| Source data |
──────

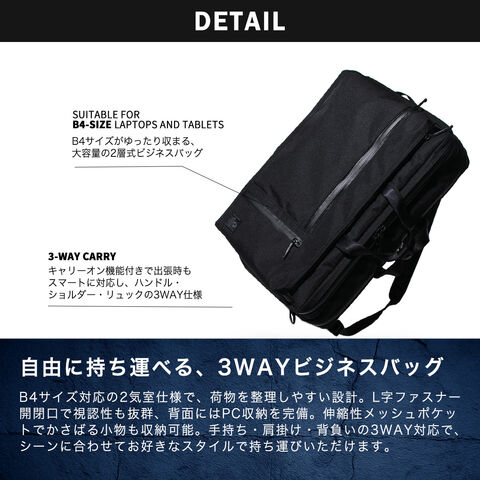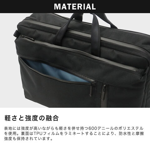 | 仕様 | <外側> PC収納×1 メッシュポケット(M)×2 <内側> ジップ収納×2 メッシュジップポケット(M)×2 ジップポケット(M)×1 ジップポケット(S)×2 <付属品> ロゴ入りクリアポーチ |
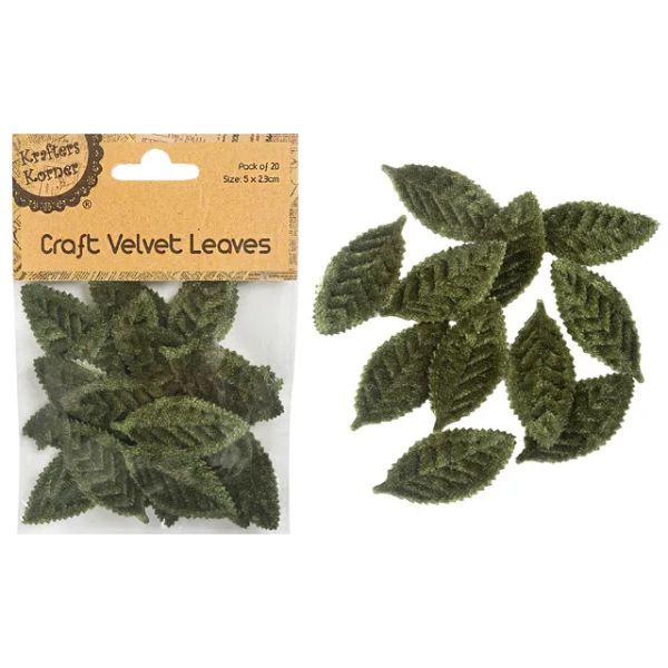 20 Pack Craft Dark Green Velvet Leaves - 5cm x 2.3cm
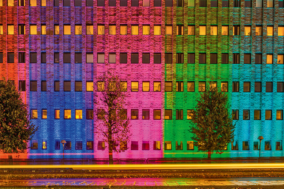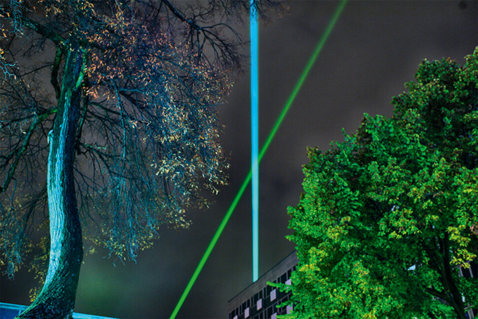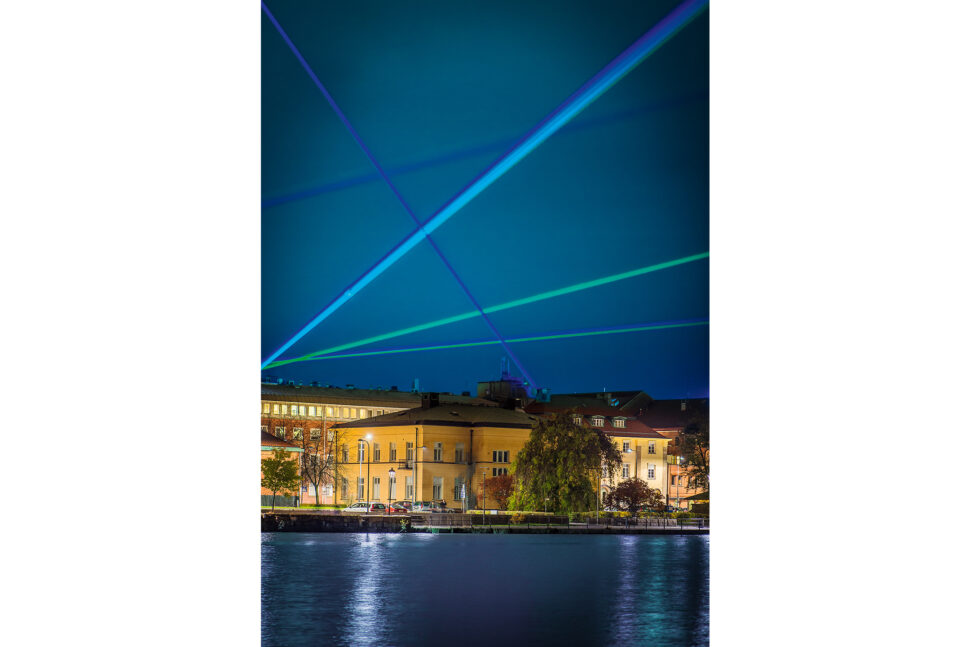 Men åter till laserstrålarna som skar genom kvällshimlen. Vad grejen med dem? Jo, det gröna ljuset som syntes över hela Sörmland var installationen ”Sammanstråla”, en kraftfull laser på centralstationens tak som pekade mot vänstäderna Jyväskylä i Finland, Hasselt i Belgien och Tartu i Estland. Och installationen med sex laserstrålar i blått, grönt och lila som korsade city hette Argon Constellation.

──────

| Work to be completed |
Every line from the start of the material through the line containing "20 Pack Craft" is needed exactly as written; the pictures are not.

| Result of the task |
 | 仕様 | <外側> PC収納×1 メッシュポケット(M)×2 <内側> ジップ収納×2 メッシュジップポケット(M)×2 ジップポケット(M)×1 ジップポケット(S)×2 <付属品> ロゴ入りクリアポーチ |
 20 Pack Craft Dark Green Velvet Leaves - 5cm x 2.3cm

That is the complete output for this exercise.